Traditionally baby foods were made at home, typically puréed or mashed, with mass production first reported to have occurred in 1928( Reference Bentley 21 ). Advice regarding infant feeding changed from the late nineteenth to the mid-twentieth centuries, meaning solids were introduced at earlier ages, at approximately 4–6 weeks old in the 1950s( Reference Bentley 21 ). This change in advice, combined with an increasing birth rate in the post-Second World War era, led to a growth in the mass production of commercial baby foods by manufacturers as part of the canned goods industry, particularly in the USA( Reference Bentley 21 ). Although initially commercially produced infant foods were a means to provide fruit and vegetables all year round, over the years products have diversified significantly. Currently a broad range of commercially prepared products exist across a number of categories according to stage/age range and type of food (for example, cereal products, baby snacks, desserts). To illustrate the number of products now available, recent studies of commercial infant foods identified 479 different products in the UK market( Reference García, Raza and Parrett 22 ) and 657 in the US market( Reference Cogswell, Gunn and Yuan 23 ). Although there are an extensive number of products available, it is difficult to say whether the variety of ingredients used has changed over time.
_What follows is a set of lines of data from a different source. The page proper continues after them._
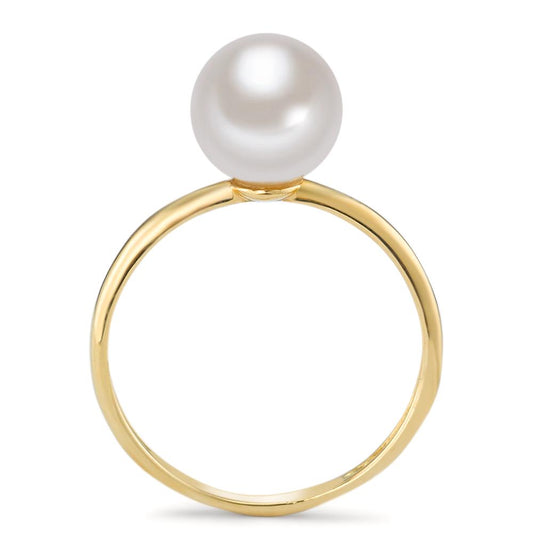 Bague Or jaune 18K perle d'eau douce blanc, 8 mm
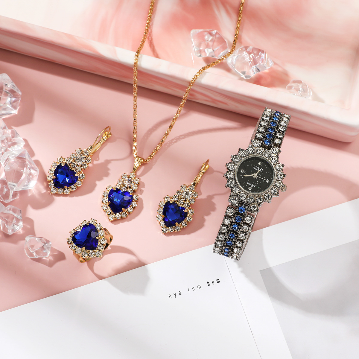 Watch X1 + earrings X1pair + necklace X1 + ring X1
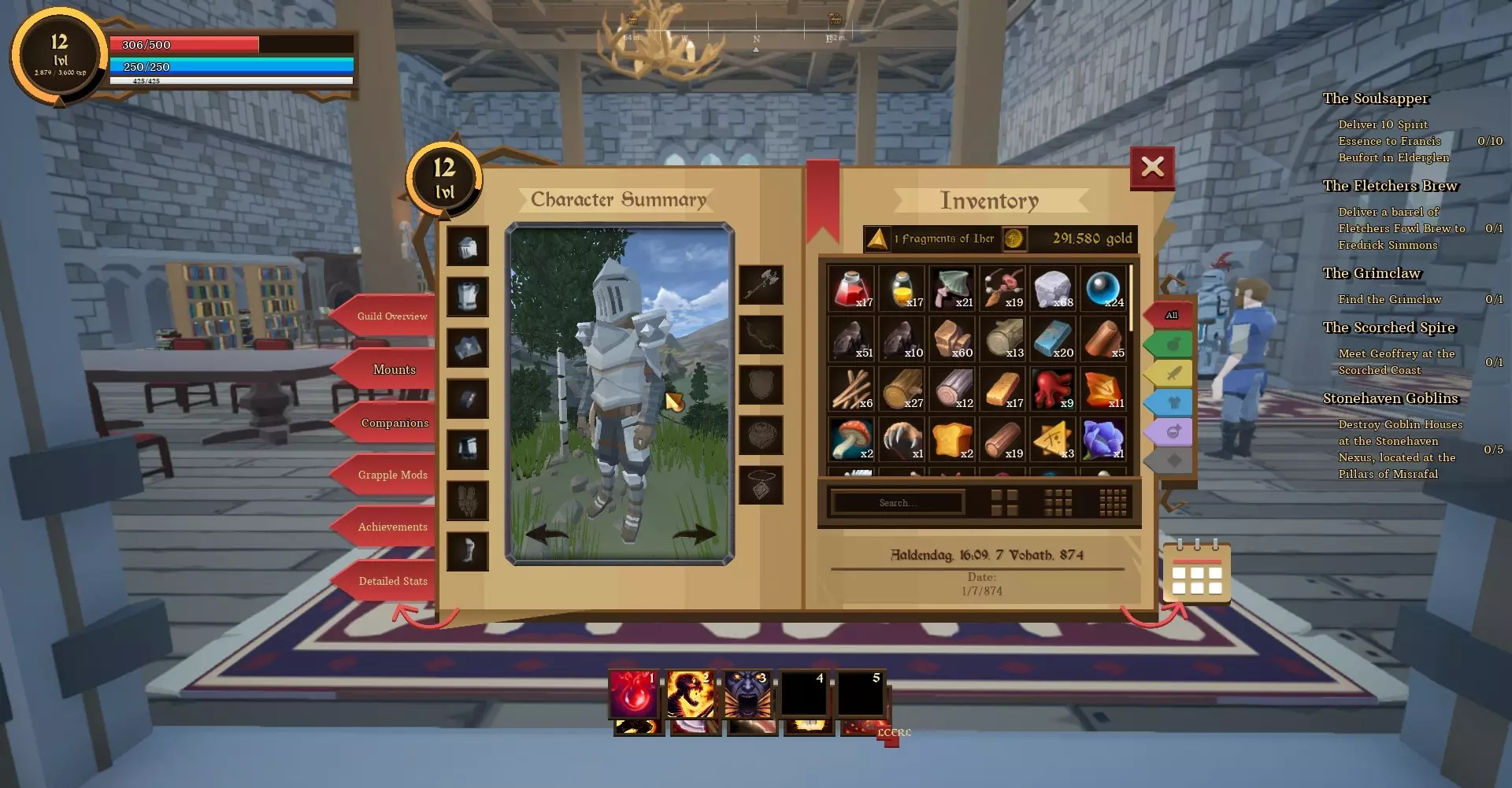 日历 - 显示事件的时间、地点、具体内容以及其将带来的奖励或对世界的改变 世界地图 - 进入全局地图 任务日志 - 任务记录 制作 - 制作箭矢、子弹、小型动物陷阱、睡袋及装饰物品 物品栏 - 存放你的物品、已装备的 armor 和武器,包含以下标签页: 【公会概览】- 公会相关信息(是否加入公会、公会等级及简要描述) 【坐骑】- 坐骑及其召唤功能 【伙伴】- 可携带的宠物伙伴驯服了抓钩模块 - 辅助装备工作模式。钩爪猫 - 能抓住表面并帮助在世界中移动,手枪(位于埃尔德格伦森林,前往埃斯罗斯之阶的洞穴,进入后上桥并启动拉杆,然后前往桥后的塔,其中一张桌子上会有手枪) - 可以射击并造成伤害(无需子弹),魔法水晶(帕福德湖的土匪塔顶层) - 恢复100点魔法值 成就 - 达成条件及相应奖励 详情属性 - 角色技能与能力的详细统计
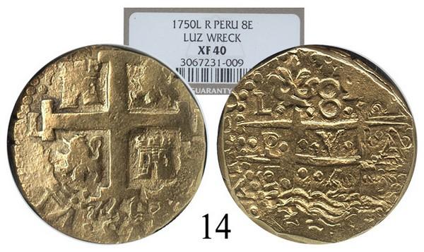 Lima, Peru, cob 8 escudos, 1750R, encapsulated NGC XF-40. S-L31. Bold mintmark and denomination on otherwise doubled pillars side, full but off-center cross with second date below (unique to this issue), full king's ordinal VI in legend, small and thick flan, AXF, desirable shipwreck provenance. From the Luz (1752).
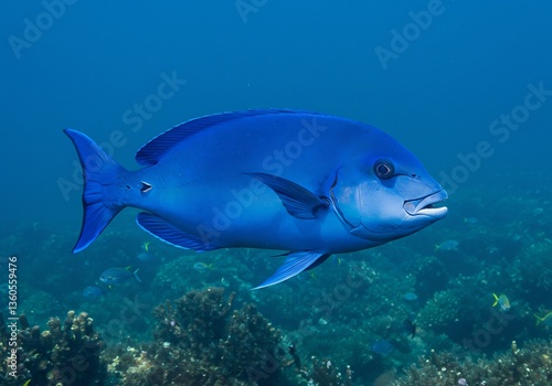 Fototapeta premium Vibrant Blue Fish Underwater Scene Tranquil Ocean Life. AI Generated

Concerns have been raised regarding commercially produced infant food, specifically diversity of ingredients used( Reference Mesch, Stimming and Foterek 24 ), the taste profile( Reference Garcia, McLean and Wright 25 ), nutritional content( Reference Cogswell, Gunn and Yuan 23 , Reference Elliott 26 ), bioavailability of micronutrients( Reference Mir-Marqués, González-Masó and Cervera 27 – Reference Bosscher, Van Cauwenbergh and Van der Auwera 29 ) and toxicity( Reference Carbonell-Barrachina, Ramirez-Gondolfo and Wu 28 ). Together these factors cumulatively create a significant change in early food exposure, with potential implications for the development of non-communicable diseases, namely allergy( Reference Björkstén, Sepp and Julge 30 , Reference Grimshaw, Maskell and Oliver 31 ) and obesity( Reference Luoto, Kalliomäki and Laitinen 32 ). There are also concerns generally regarding the role of infant feeding practices in the development of early tooth decay( Reference Colak, Dulgergil and Dalli 33 , Reference Peres, Sheiham and Liu 34 ), although there is no evidence that commercial infant food in particular contributes to this issue. Additionally there are claims that commercially produced infant foods may displace or reduce the duration of breast-feeding( Reference Tzioumis, Kay and Wright 35 ).
Given the widespread availability of commercial baby food in developed countries and debate regarding the impact this could have on infant diet and long-term health outcomes, a summary of the evidence is warranted. The present review aims to address and critically appraise the literature regarding nutritional implications of commercial infant food consumption, in addition to broader aspects such as taste, ingredient variety and parental perception. Fig. 1 illustrates the factors, which will be discussed. The review will not include the wider topics of complementary feeding in developing countries, studies that include toddler foods( Reference Cogswell, Gunn and Yuan 23 , Reference Dunford, Louie and Byrne 36 – Reference Carstairs, Craig and Marais 38 ) or infant beverages, which are considered outside the remit.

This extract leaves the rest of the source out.